もう忘れてしまいたい。
それなのに、あなたとあなたに受けたカウンセリングの光景がいまだに思い出される。
話す度に疲弊し、どんなに言葉を選び話しても、まるで肩すかしを食らったようだった。
僕は伝わらないからといって諦めなかった。
さらに言葉を厳選し、いやになっても通って、語ることを止めなかった。
なぜなら、あなたを話のわからない無能だとも思いたくなかったし、またそれまで掛けた時間と労力がすべて無駄になるように感じたからだ。
しかし手応えはない。そのうち、ときおり憎しみに近い感情を抱くようになった。
つぎ込む時間と労力がどんどん膨らんでますます中断したくなくなるのに、あなたから芳しい応答を受け取ることができなかったからだ。

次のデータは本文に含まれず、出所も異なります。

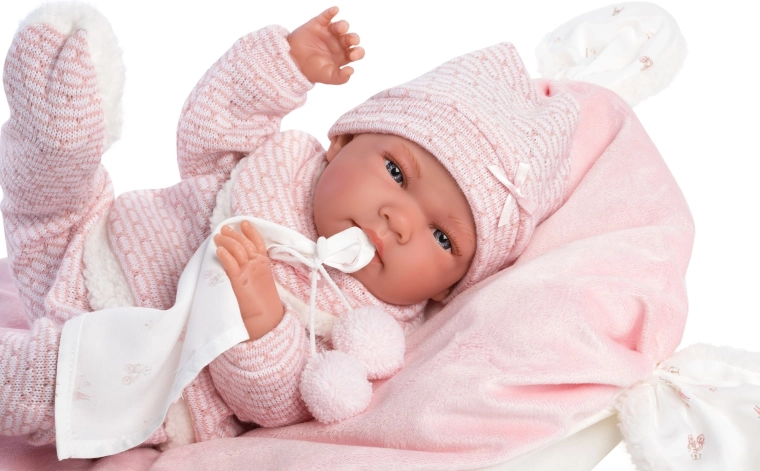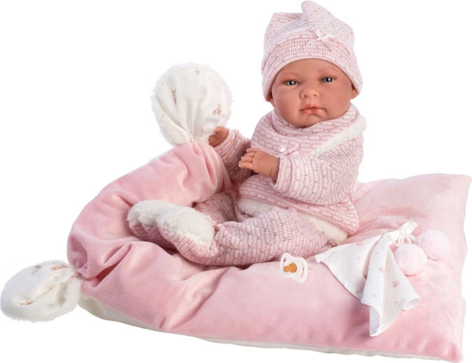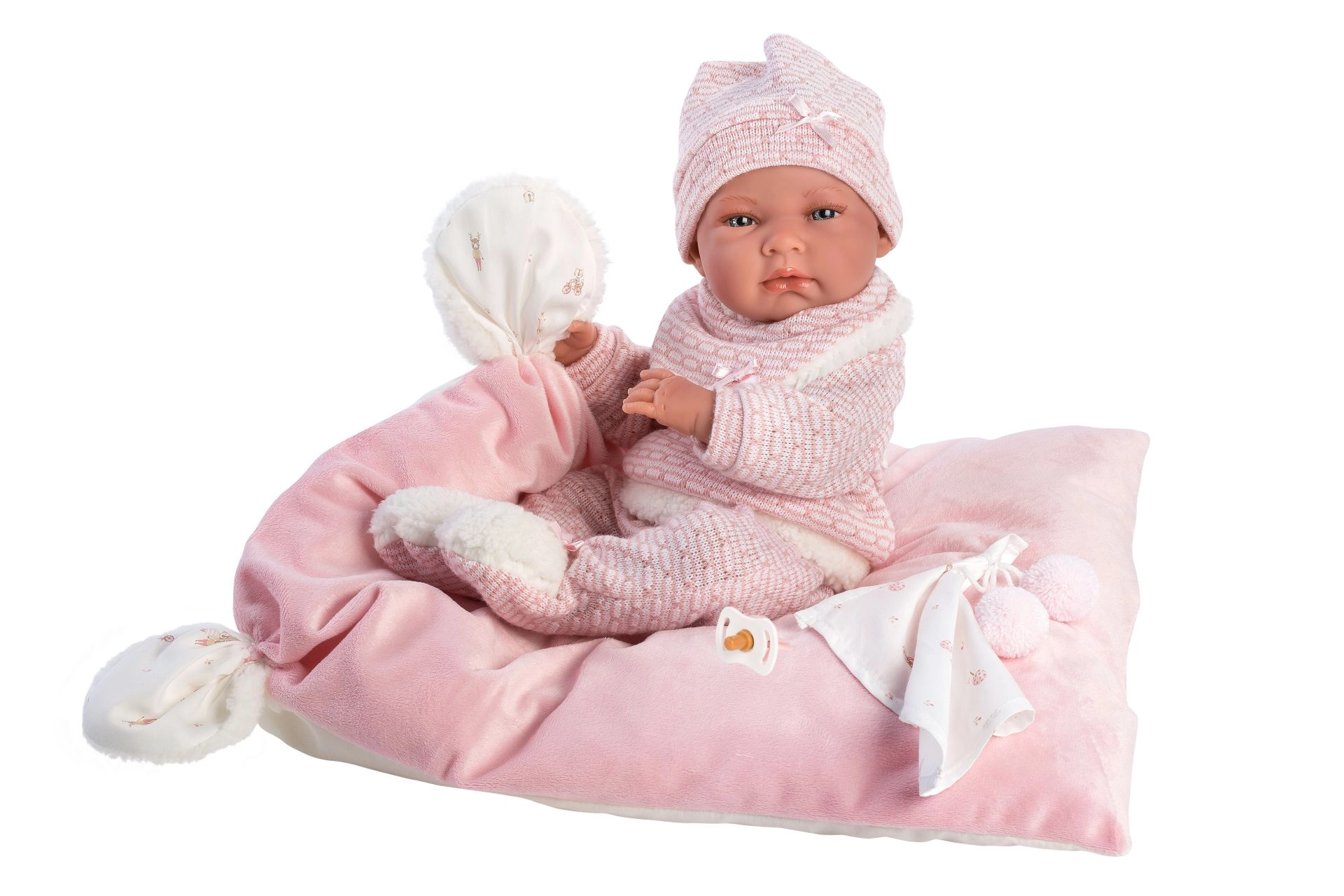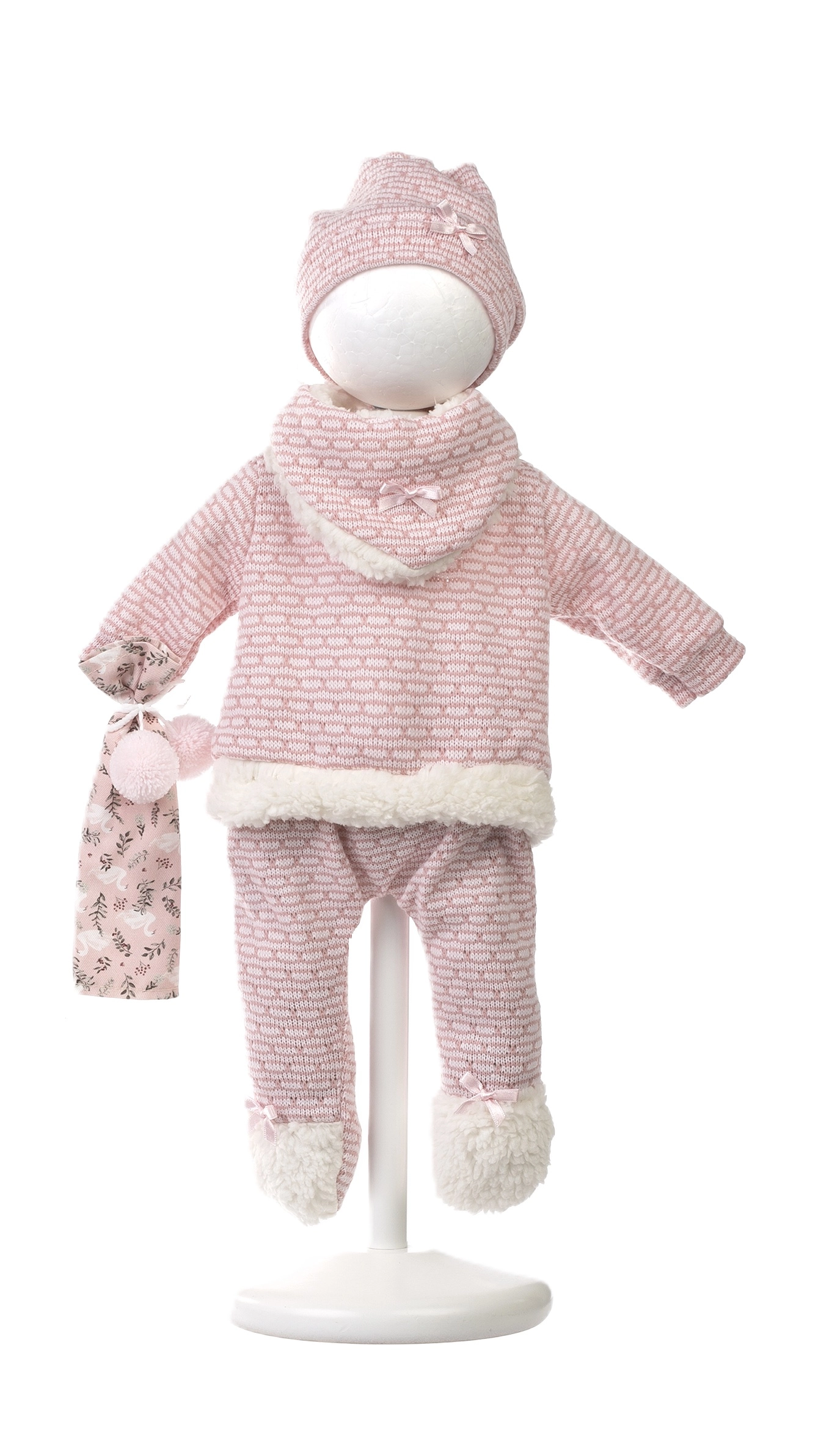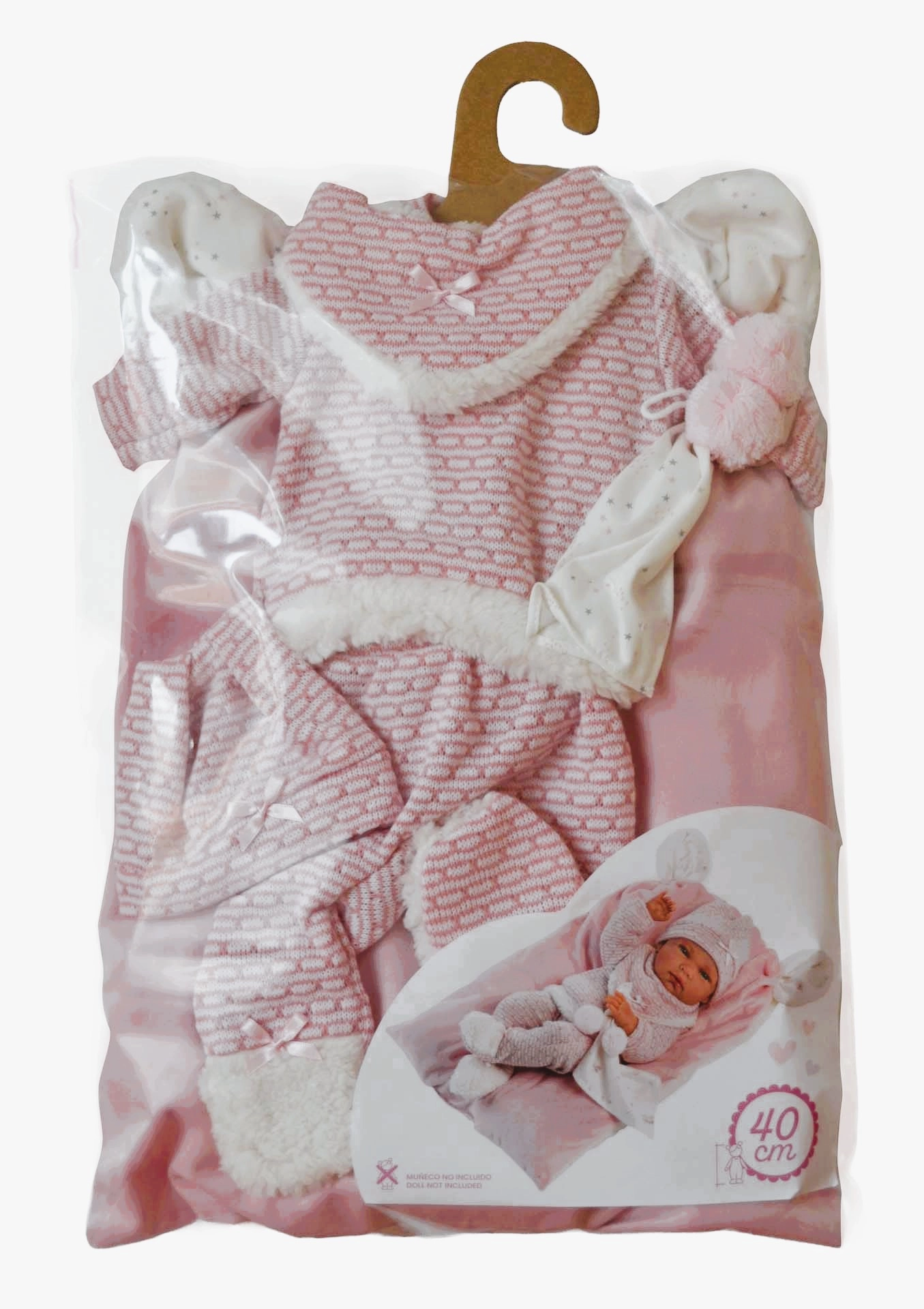 Stylový a hřejivý set oblečení pro panenku přináší vše, co malí pečovatelé potřebují: měkké pletené kousky s jemným kožíškem, roztomilého muchlíka s bambulkami a dekorativní polštářek, který poslouží i jako pohodlná podložka. Vše je navrženo pro panenky Llorens NEW BORN o velikosti 40–42 cm.

いまとなっては本気であの期間のことを忘れたい。思い出す度に怒りが湧いてくる。それが苦しいのだ。でも何度も何度も記憶によみがえって、かえって忘れられなくなっている気さえする。あなたは終始誠実であったと思う。なにも罪なことはしていないと思う。それでも僕はあなたが憎い。そんな自分が嫌になりながら。
ひどい気分だ。
はっきり言おう。
あなたは話のわからない人だった。
とても親身で柔和で悪気のないバカだった。